- Task details -
Take the lines below from the one with "Robustný, dva metre" through the one with "La partita di" and print only them, exactly. Don't print the pictures.
----- Information -----
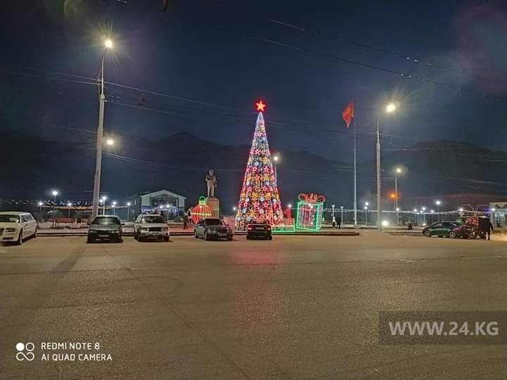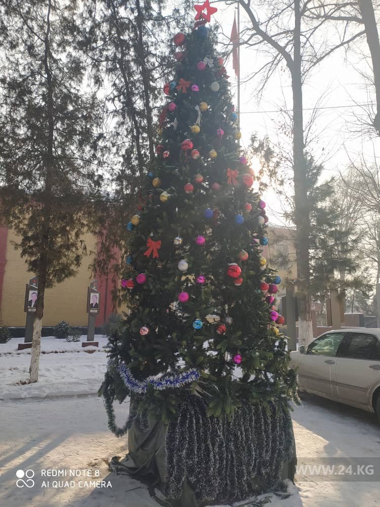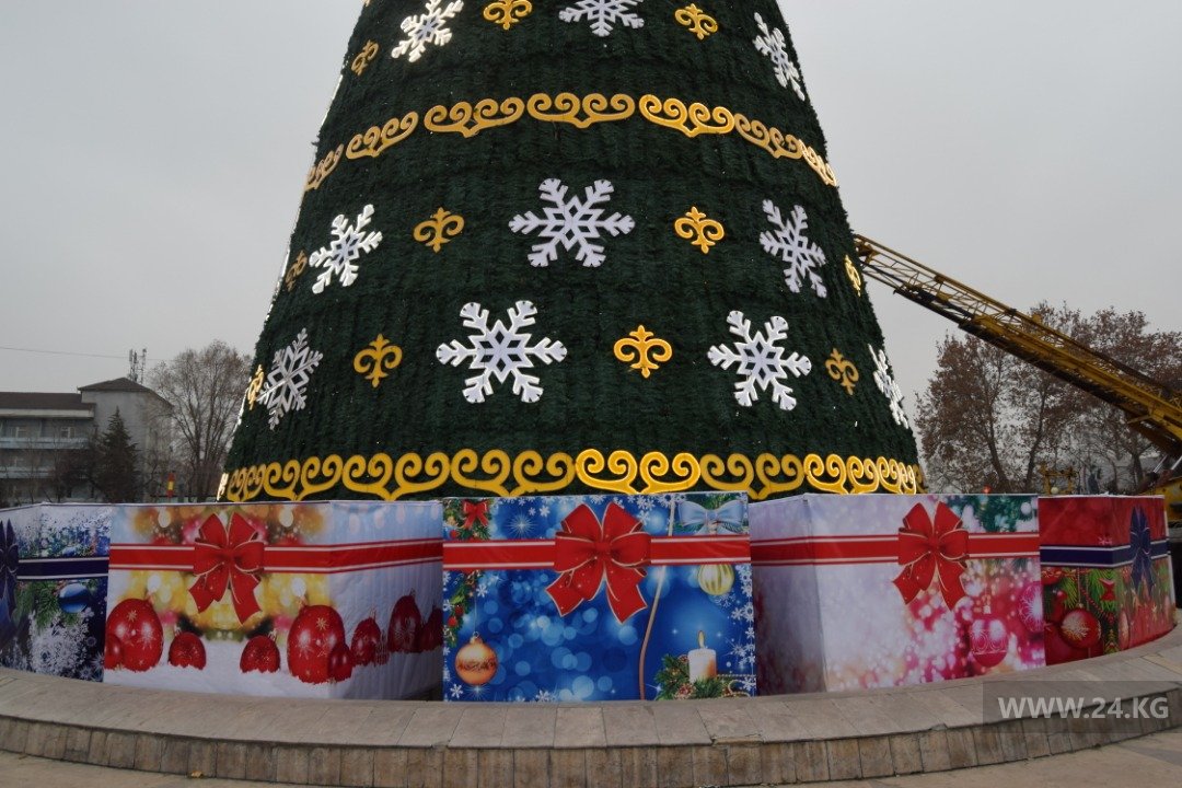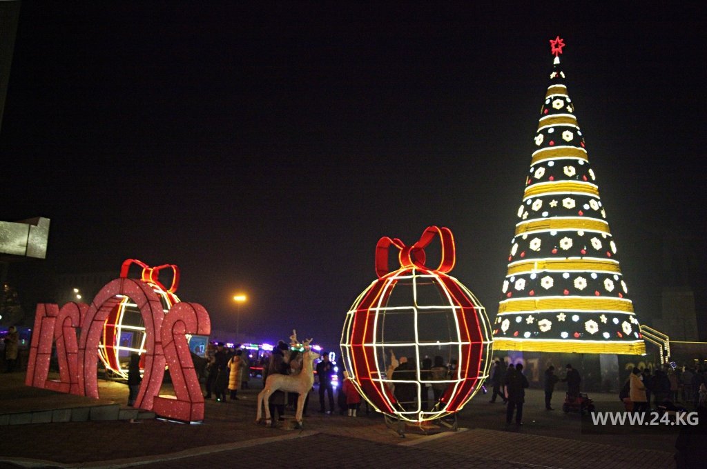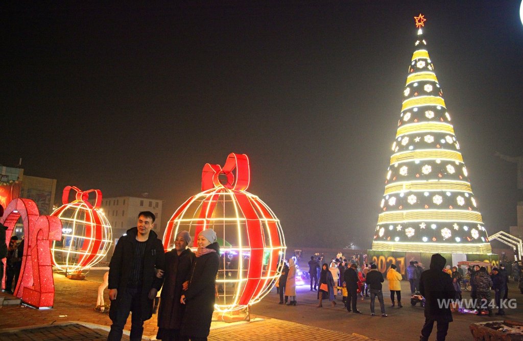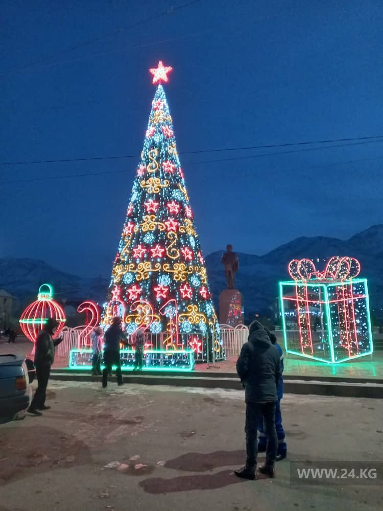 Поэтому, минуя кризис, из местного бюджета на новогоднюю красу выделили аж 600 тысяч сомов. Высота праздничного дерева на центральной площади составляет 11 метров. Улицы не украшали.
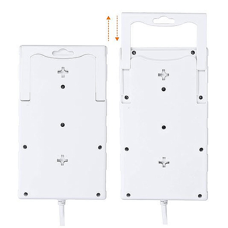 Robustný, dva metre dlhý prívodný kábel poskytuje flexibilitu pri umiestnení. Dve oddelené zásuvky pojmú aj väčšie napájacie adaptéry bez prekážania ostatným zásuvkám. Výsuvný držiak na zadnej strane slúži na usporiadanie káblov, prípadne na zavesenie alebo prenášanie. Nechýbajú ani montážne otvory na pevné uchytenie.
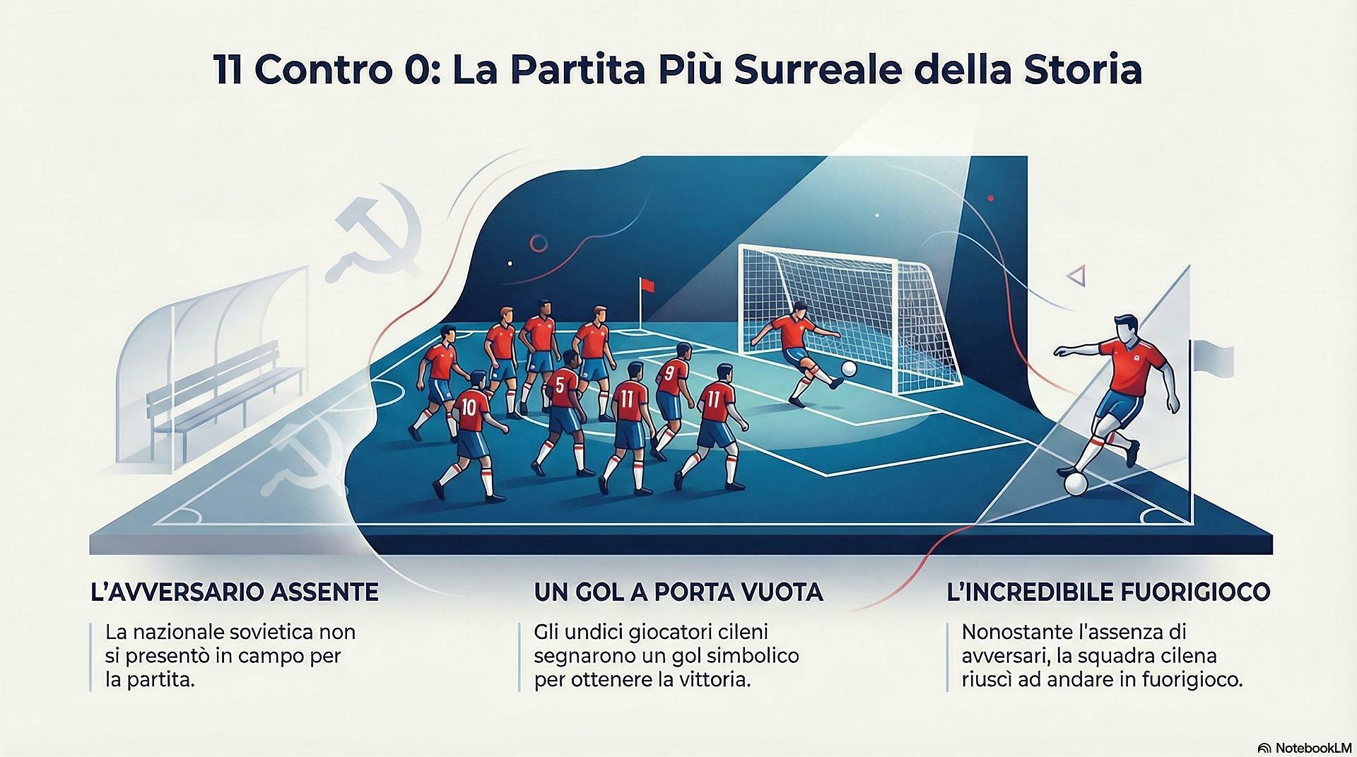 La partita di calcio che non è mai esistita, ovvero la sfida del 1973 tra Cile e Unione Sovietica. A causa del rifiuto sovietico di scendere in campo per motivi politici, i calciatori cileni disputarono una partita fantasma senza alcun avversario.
-----
----- Information -----
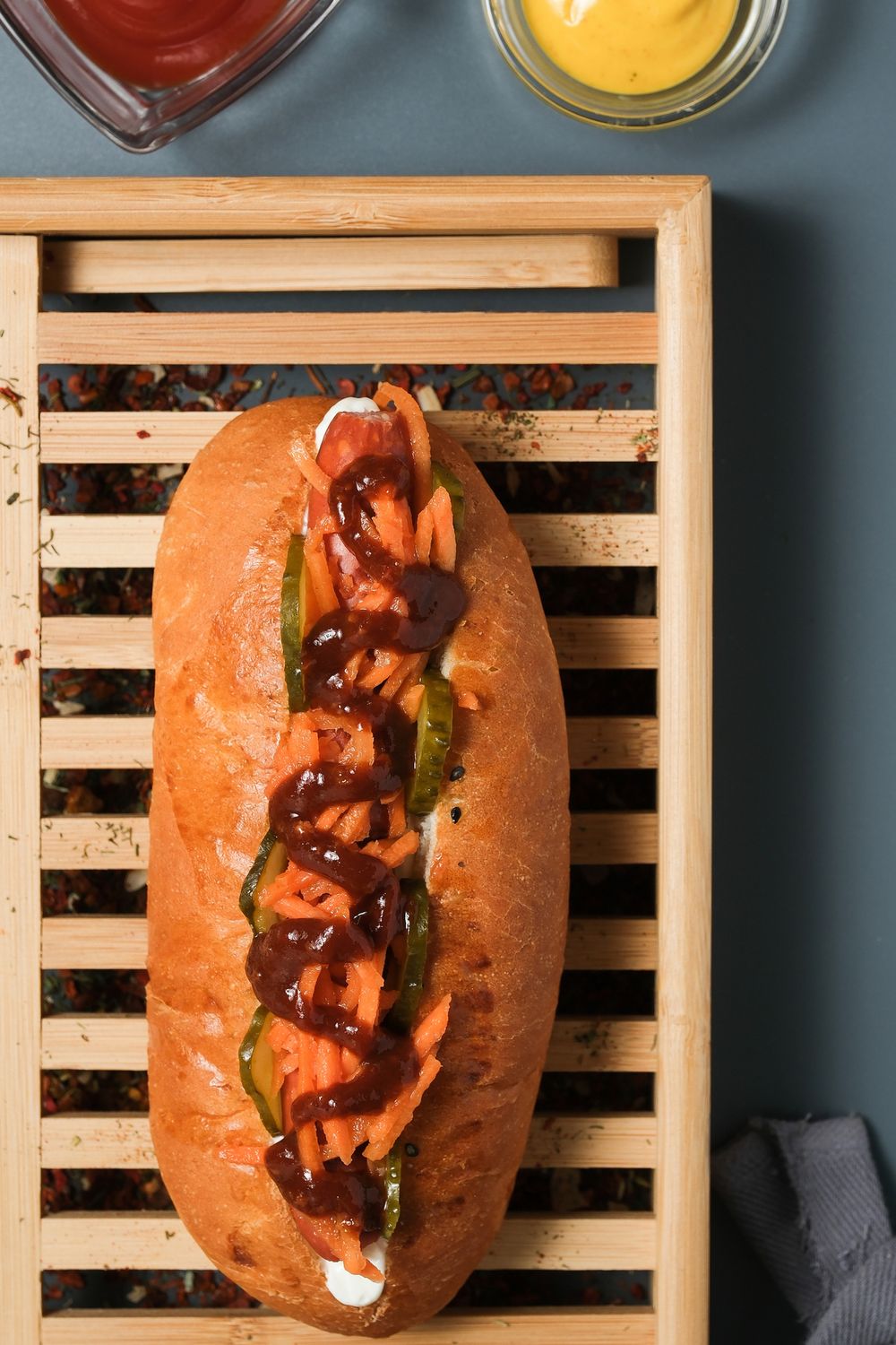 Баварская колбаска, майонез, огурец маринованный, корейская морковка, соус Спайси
-----
- Answer space -
 Robustný, dva metre dlhý prívodný kábel poskytuje flexibilitu pri umiestnení. Dve oddelené zásuvky pojmú aj väčšie napájacie adaptéry bez prekážania ostatným zásuvkám. Výsuvný držiak na zadnej strane slúži na usporiadanie káblov, prípadne na zavesenie alebo prenášanie. Nechýbajú ani montážne otvory na pevné uchytenie.
 La partita di calcio che non è mai esistita, ovvero la sfida del 1973 tra Cile e Unione Sovietica. A causa del rifiuto sovietico di scendere in campo per motivi politici, i calciatori cileni disputarono una partita fantasma senza alcun avversario.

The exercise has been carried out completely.